On Tech

Tag: SRE

Aim for Operability, not SRE as a Cult

“In 2017, a Director of Ops asked me to turn their sysadmins into ‘SRE consultants’. I reminded them of their operability engineering team driving similar practices, and that I was their lead.

In 2018, a CTO at a gaming company told me SRE was better than DevOps, but recruitment was harder. They said they didn’t know much about SRE.

In 2020, I learned of a sysadmin team that were rebranded as an SRE team, received a small pay increase… and then carried on doing the same sysadmin work.

This is for decision makers who have been told SRE will solve their IT problems…”

Steve Smith

TL;DR:

  • SRE as a Philosophy means the Site Reliability Engineering principles from Google, and is associated with a lot of valuable ideas and insights.
  • SRE as a Cult refers to the marketing of SRE teams, SRE certifications as a panacea for technology problems.
  • Some aspects of SRE as a Philosophy are far harder to apply to enterprise organisations than others, such as SRE teams and error budgets.
  • Operability needs to be a key focus, not SRE as a Cargo Cult, and SRE as a Philosophy can supply solid ideas for improving operability.

Introduction 

A successful Digital transformation is predicated on a transition from IT as a Cost Centre to IT as a Business Differentiator. An IT cost centre creates segregated Delivery and Operations teams, trapped in an endless conflict between feature speed and service reliability. Delivery wants to maximise deployments, to increase speed. Operations wants to minimise deployments, to increase reliability.

In Accelerate, Dr Nicole Forsgren et al confirm this produces low performance IT, and has negative consequences for profitability, market share, and productivity. Accelerate also demonstrates speed and reliability are not a zero sum game. Investing in both feature speed and service reliability will produce a high performance IT capability that can uncover new product revenue streams.

SRE as a Philosophy

In 2004, Ben Treynor Sloss started an initiative called SRE within Google. He later described SRE as a software engineering approach to IT operations, with developers automating work historically owned outside Google by sysadmins. SRE was disseminated in 2016 by the seminal book Site Reliability Engineering, by Betsey Byers et al. Key concepts include:

Availability levels are known by the nines of availability. 99.0% is two nines, 99.999% is five nines. 100% availability is unachievable, as less reliable user devices will limit the user experience. 100% is also undesirable, as maximising availability limits speed of feature delivery and increases operational costs. Site Reliability Engineering contains the astute observation that ‘an additional nine of reliability requires an order of magnitude improvement’. At any availability level, an amount of unplanned downtime needs to be tolerated, in order to invest in feature delivery.

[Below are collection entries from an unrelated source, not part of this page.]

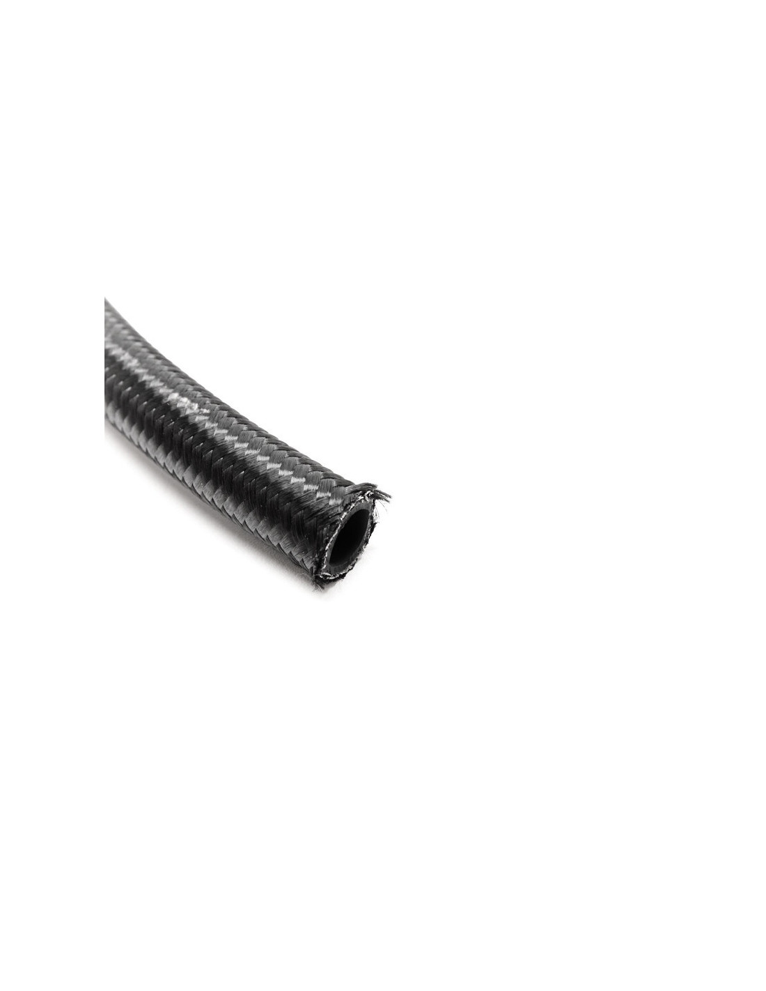 Braided Hose SpecificationsThese Dash hoses are made from nitrile and are covered with a nylon braid. Often called "aircraft hoses" their properties coming from aeronautics where they are commonly used as they are both secure and highly resistant : reliable long life protection against abrasion...When being made a second braid is embedded in the elastomer ensuring incredible pressure resistance (up to 60 bars). Our Dash hose's composition can withstand all types of fuel and lubricants such as : gasoline diesel ethanol nitromethane oil alcohol and coolants. They are ideal for all your upgrades especially in the fuel or oil circuit.Our "made to measure" service allows you to select all required elements for your set up (length diameter and joiners). Assembled in-house they are delivered directly to you ready to be installed !
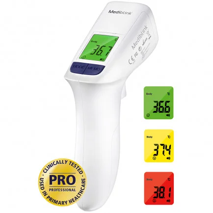 MEDIBLINK Beskontaktni infracrveni toplomjer M340 u manje od dvije sekunde beskontaktno mjeri tjelesnu temperaturu čela (Mod za mjerenje tjelesne temperature) ili temperaturu prostorije, predmeta, tekućine (Mod za mjerenje temperature površina) na udaljenosti između 1 i 5 cm od čela/predmeta/tekućine.
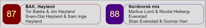 1 IMP vinnermargin, og det skjedde etter at Nordnorsk Mix vant 1 IMP i det siste spillet hvor Nicolai Heiberg-Evenstad fikk overtikk i 1NT hvor det kun var syv stikk og ble syv stikk ved det andre bordet. Jeg har blitt fortalt at om det hadde blitt uavgjort 87-87 ville totalscore avgjort, og den så slik ut: 18110 - 18050 i favør BAK!
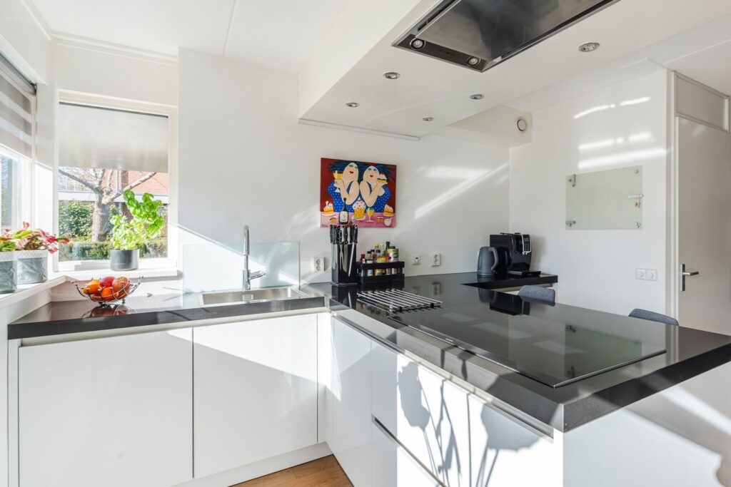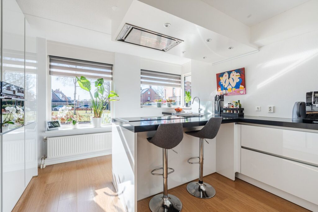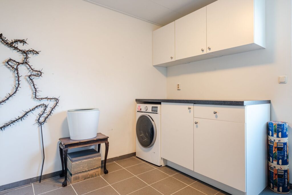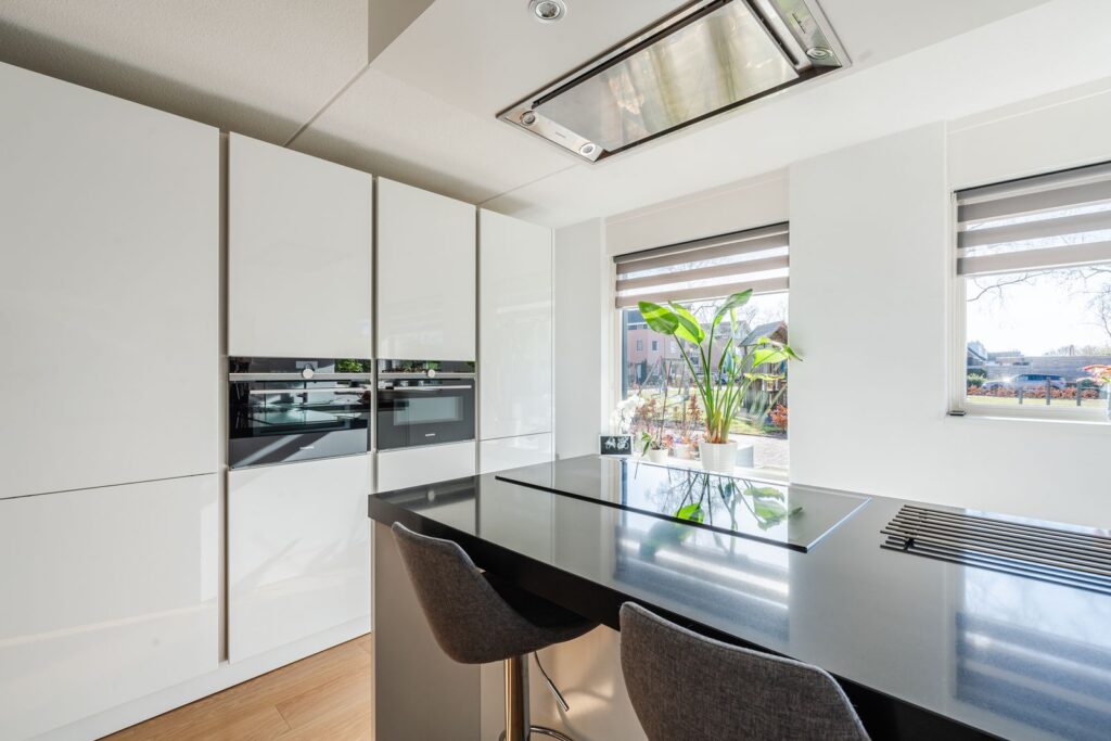 Via de entree kom je in de hal met garderobekast, toilet, tussenhal naar de garage en bijkeuken. De grote woonkamer van 48m2 is ruim en het vele licht valt direct op. Dankzij de grote dakramen is er veel natuurlijk daglicht en voelt de leefruimte open en uitnodigend aan. De open keuken heeft een schiereiland, met twee zitplaatsen, en is voorzien van Siemens Studioline inbouwapparatuur, zoals een koel-vriescombinatie, twee combi-ovens, vaatwasser, afzuiger en inductiekookplaat. Het keukenraam is voorzien van een elektrisch bedienbaar screen. In de keuken bevind zich een voorraadkast.

A Service Level Objective (SLO) is a published target range of measurements, which sets user expectations on an aspect of service performance. A product manager chooses SLOs, based on their own risk tolerance. They have to balance the engineering cost of meeting an SLO with user needs, the revenue potential of the service, and competitor offerings. An availability SLO could be a median request success rate of 99.9% in 24 hours. 

An error budget is a quarterly amount of tolerable, unplanned downtime for a service. It is used to mitigate any inter-team conflicts between product teams and SRE teams, as found in You Build It Ops Run It. It is calculated as 100% minus the chosen nines of availability. For example, an availability level of 99.9% equates to an error budget of 0.01% unsuccessful requests. 0.002% of failing requests in a week would consume 20% of the error budget, and leave 80% for the quarter. 

You Build It SRE Run It is a conditional production support method, where a team of SREs support a service for a product team. All product teams do You Build It You Run It by default, and there are strict entry and exit criteria for an SRE team. A service must have a critical level of user traffic, some elevated SLOs, and pass a readiness review. The SREs will take over on-call, and ensure SLOs are consistently met. The product team can launch new features if the service is within its error budget. If not, they cannot deploy until any errors are resolved. If the error budget is repeatedly blown, the SRE team can hand on-call back to the product team, who revert to You Build It You Run It.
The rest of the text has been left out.